You should try to ping from R2 or change INBOUND ACL:
ip access-list extended INBOUND
permit icmp any any
evaluate REFLECT
hope this work!
HaDucBinh
Mail: haducbinh@vnpro.org or haducbinh@gmail.com
Phone: +84 908 191 322
---------------------------------------------------------------------------
Vietnamese Professionals (VnPro)
Cisco Authorised Training
149/1D Ung Van Khiem Street, Ward 25, Binh Thanh District, Ho Chi Minh City
Tel: (08) 5124257 - (08) 5125314
Fax: (08) 5124314
Website: http://vnpro.vn
Support Forum: http://vnpro.org
-----Original Message-----
From: nobody@groupstudy.com [mailto:nobody@groupstudy.com] On Behalf Of Udo
Sent: Thursday, November 09, 2006 1:50 PM
To: Michael Zuo
Cc: Jian Gu; Hafizur Rahman (Europe); ccielab@groupstudy.com
Subject: RE: local policy route-map not working for me
Hi GS,
I'm working with reflexive access-lists
Right now local generated icmp traffic doesn't work with the access-list
This is the topology
R2-s2/0--------------s2/0.25-R5-f1/0----------------f1/0-R7
This is my configuration:
======================================================================
R5:
interface FastEthernet1/0
desc to Router R7
ip address 192.168.4.5 255.255.255.0
ip access-group INBOUND in
ip access-group OUTBOUND out
duplex half
ip local policy route-map LOCAL
ip access-list extended INBOUND
evaluate REFLECT
ip access-list extended OUTBOUND
permit tcp any any reflect REFLECT
permit udp any any reflect REFLECT
permit icmp any any reflect REFLECT
route-map LOCAL permit 10
match ip address LOCAL_ICMP_TRAFFIC
set interface FastEthernet1/0
ip access-list extended LOCAL_ICMP_TRAFFIC
permit icmp any any
I configure
ip local policy TEST
route-map TEST
match ip address Local
set interface Loopback 0
When I ping from R5 to R7 I debug the following
====================================0
Nov 9 07:48:24.351: %SEC-6-IPACCESSLOGDP: list 197 permitted icmp
192.168.4.7 -> 192.168.4.5 (0/0), 1 packet
Nov 9 07:48:24.355: IP: s=192.168.4.7 (FastEthernet1/0), d=192.168.4.5,
len 100, access denied
Nov 9 07:48:24.359: ICMP type=0, code=0.
Nov 9 07:48:26.315: IP: s=192.168.4.7 (FastEthernet1/0), d=192.168.4.5,
len 100, access denied
Nov 9 07:48:26.319: ICMP type=0, code=0.
Nov 9 07:48:28.319: IP: s=192.168.4.7 (FastEthernet1/0), d=192.168.4.5,
len 100, access denied
Nov 9 07:48:28.323: ICMP type=0, code=0.
Nov 9 07:48:30.319: IP: s=192.168.4.7 (FastEthernet1/0), d=192.168.4.5,
len 100, access denied
Nov 9 07:48:30.323: ICMP type=0, code=0.
Nov 9 07:48:32.379: IP: s=192.168.4.7 (FastEthernet1/0), d=192.168.4.5,
len 100, access denied
Nov 9 07:48:32.383: ICMP type=0, code=0.
===================================================================
I get an answer from R7 but the traffic is denied..
Any help for me ?
Udo
Am Mittwoch, den 08.11.2006, 16:06 -0800 schrieb Michael Zuo:
> Thanks for the reply.

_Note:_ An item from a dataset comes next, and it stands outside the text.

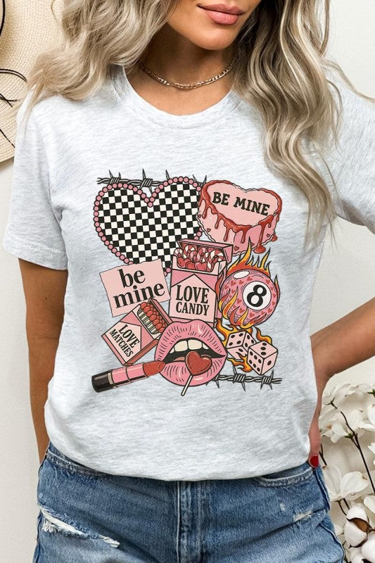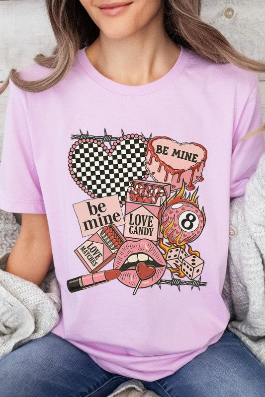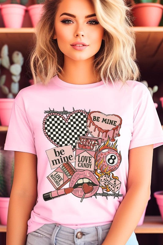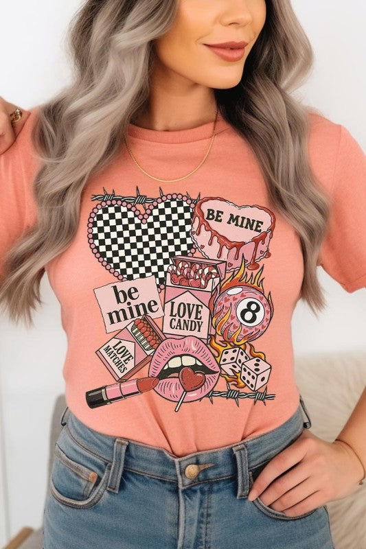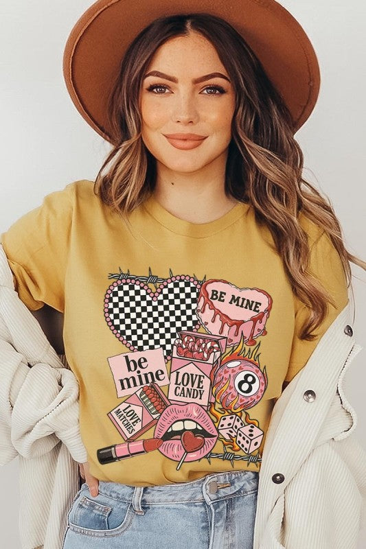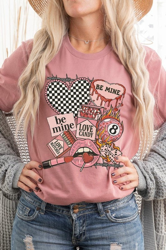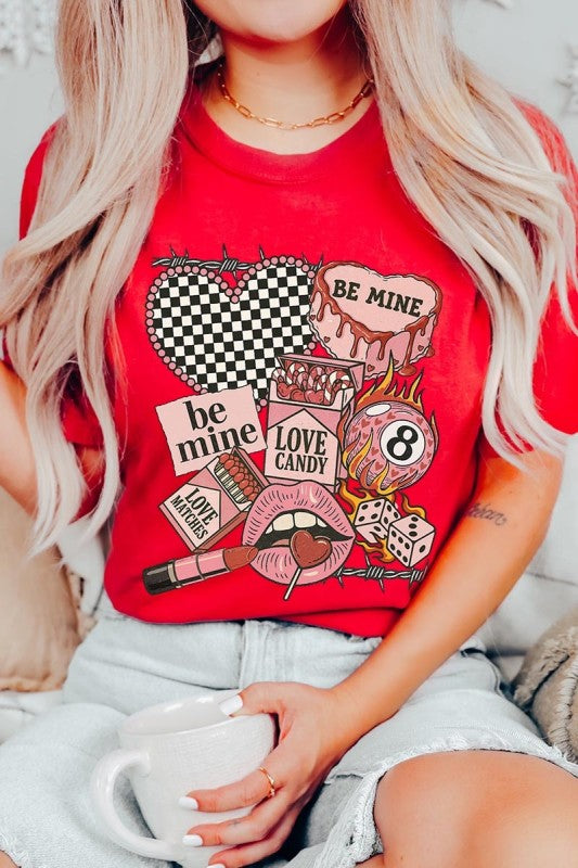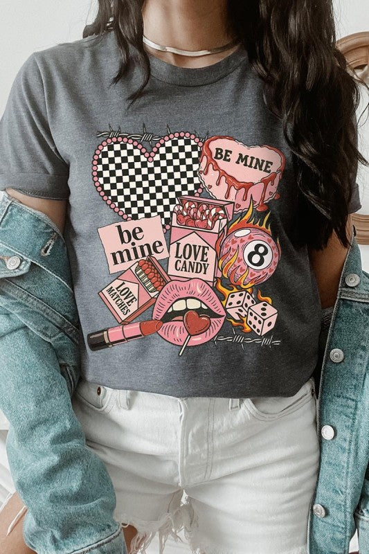 valentine graphic tee, candy collage shirt, retro love icons top, western style valentine tee, western inspired graphic shirt, cowboy western aesthetic, heart themed apparel, boutique seasonal wear, cute romantic graphic, holiday casual style Graphic Tee.

Jian, you mentioned that my original prefix-list
> was not correct (ip prefix-list 10 seq 5 permit 142.1.0.0/24). I
> thought I was supposed to match the destination IP subnet with the
> prefix-list? It should've matched the source of the trace packets?
>
>
>
> thanks
>
>
>
> ________________________________
>
> From: Jian Gu [mailto:guxiaojian@gmail.com]
> Sent: Wednesday, November 08, 2006 10:07 AM
> To: Michael Zuo
> Cc: Hafizur Rahman (Europe); ccielab@groupstudy.com
> Subject: Re: local policy route-map not working for me
>
>
>
> Small correction, for traceroute you do need to match UDP, your
> configuration works with ping.
>
> On 11/8/06, Jian Gu < guxiaojian@gmail.com <mailto:guxiaojian@gmail.com>
> > wrote:
>
> This configuration should work (and it works in my setup), the reason
> your original configuration did not work is not because it is a prefix
> list, it is because your prefix list was not configured correctly. When
> Cisco IOS router does a ping it will consult its unicast routing table
> and use the IP address of outgoing interface's IP address as Ping
> packet's source IP address.
>
>
>
> On 11/7/06, Michael Zuo < mzuo@ixiacom.com <mailto:mzuo@ixiacom.com> >
> wrote:
>
> Still does not work, I change the configuration to:
>
> ip access-list extended PING
> permit icmp any host 142.1.0.4
> !
> route-map PING permit 10
> match ip address PING
> set ip next-hop 142.1.46.4
>
> still:
>
>
> R6(config-ext-nacl)#do trace 142.1.0.4
>
> Type escape sequence to abort.
> Tracing the route to 142.1.0.4
>
> 1 204.12.1.3 4 msec 0 msec 4 msec
> 2 142.1.0.4 32 msec * 28 msec
>
> Any ideas on how I can debug?
>
> Thanks...
>
> -----Original Message-----
> From: Hafizur Rahman (Europe) [mailto:hafizur.rahman@uk.didata.com]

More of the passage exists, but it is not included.